Records drawn from a dataset:
Segment Open

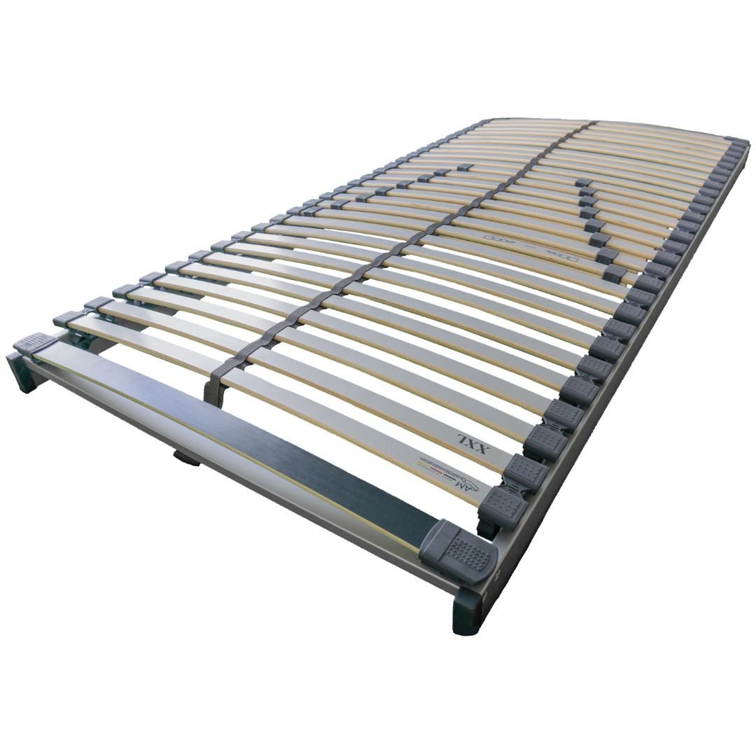 Top-Features | Hohe Belastbarkeit bis 240 kg 30 holmüberdeckende Federholzleisten aus Birke-Qualitätsschichtholz (geprüfte Emissionsklasse 1) Endpunktlager mit Doppelfedersystem 8-fach stufenlos verstellbare Mittelzone (Lordoseunterstüzung) Gebrauchsfertig geliefert Hergestellt in Deutschland 30 Nächte Probeschlafen |
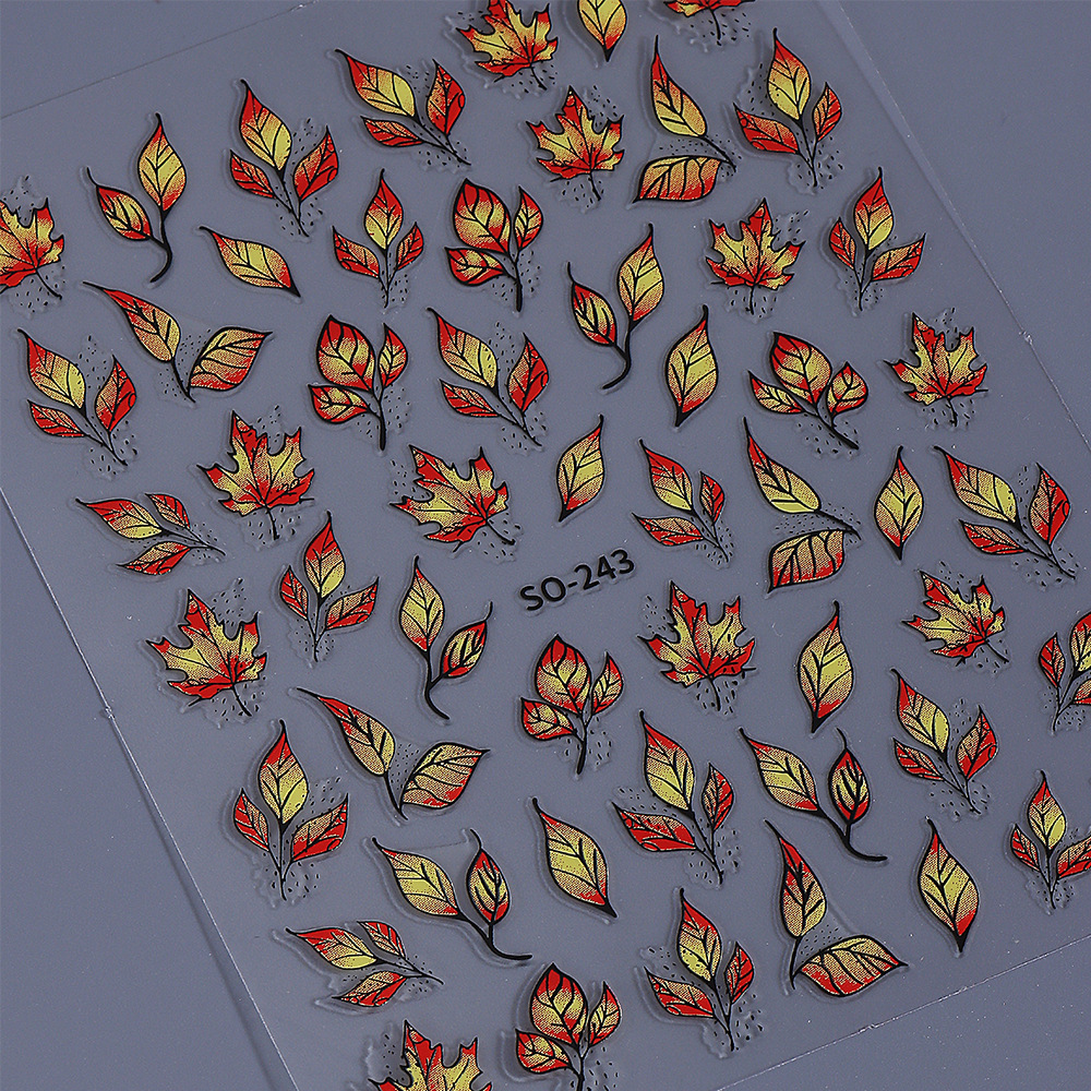 국경 간 새로운 네일 아트 스티커 도매 레이저 가을과 겨울 메이플 잎 추수 감사절 네일 접착제 3D 스티커스토어 가기
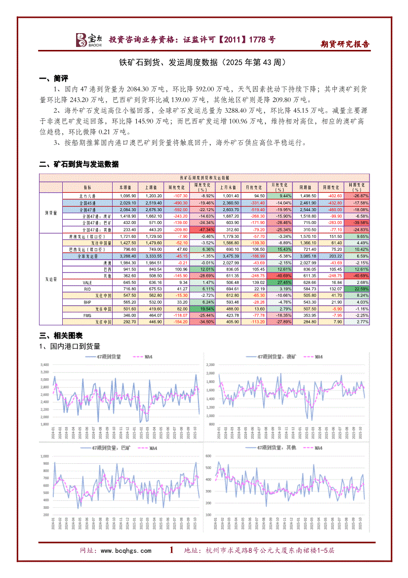 宝城期货-铁矿石到货、发运周度数据(2025年第43周)-251027
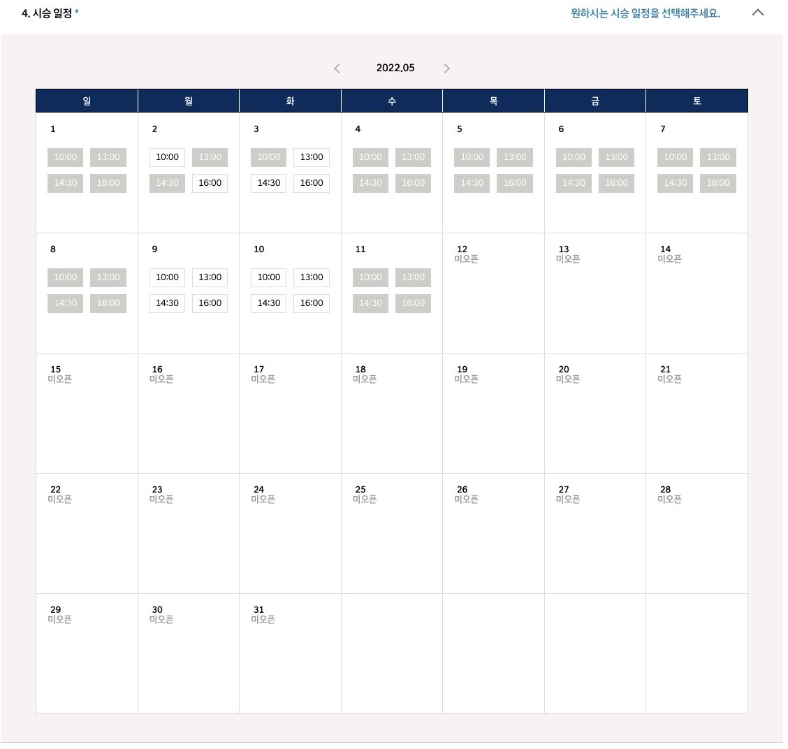 4월 일정은 모두 꽉찼고 5월로 넘어가 보니 아직 예약이 안 된 시간이 있어서 진행할 수 있었습니다.
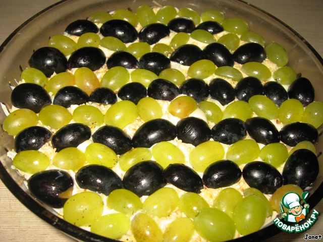 Виноград очистить от косточек, разрезать пополам и выложить сверху в виде рисунка. У меня полосатик!:)
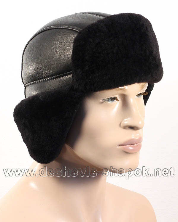 Шапка "Пилот-шлем". Овчина, натуральная кожа. Цвет: чёрный.
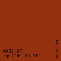 Цвет #95310F в цветовой модели RGB обозначается тремя октетами (149, 49, 15) в десятичном формате и #95310F в шестнадцатиричном (hex) формате, которые являются интенсивностью красного 149 (hex 95), интенсивность зелёного 49 (hex 31) и интенсивность синего 15 (hex 0F).

Segment Closed

DIRECTIONS FOR THIS TASK:
The answer must be the lines of the entries above, written out exactly from the first through the one with "кожа. Цвет: чёрный.", and no pictures.

ANSWER BELOW:
 Top-Features | Hohe Belastbarkeit bis 240 kg 30 holmüberdeckende Federholzleisten aus Birke-Qualitätsschichtholz (geprüfte Emissionsklasse 1) Endpunktlager mit Doppelfedersystem 8-fach stufenlos verstellbare Mittelzone (Lordoseunterstüzung) Gebrauchsfertig geliefert Hergestellt in Deutschland 30 Nächte Probeschlafen |
 국경 간 새로운 네일 아트 스티커 도매 레이저 가을과 겨울 메이플 잎 추수 감사절 네일 접착제 3D 스티커스토어 가기
 宝城期货-铁矿石到货、发运周度数据(2025年第43周)-251027
 4월 일정은 모두 꽉찼고 5월로 넘어가 보니 아직 예약이 안 된 시간이 있어서 진행할 수 있었습니다.
 Виноград очистить от косточек, разрезать пополам и выложить сверху в виде рисунка. У меня полосатик!:)
 Шапка "Пилот-шлем". Овчина, натуральная кожа. Цвет: чёрный.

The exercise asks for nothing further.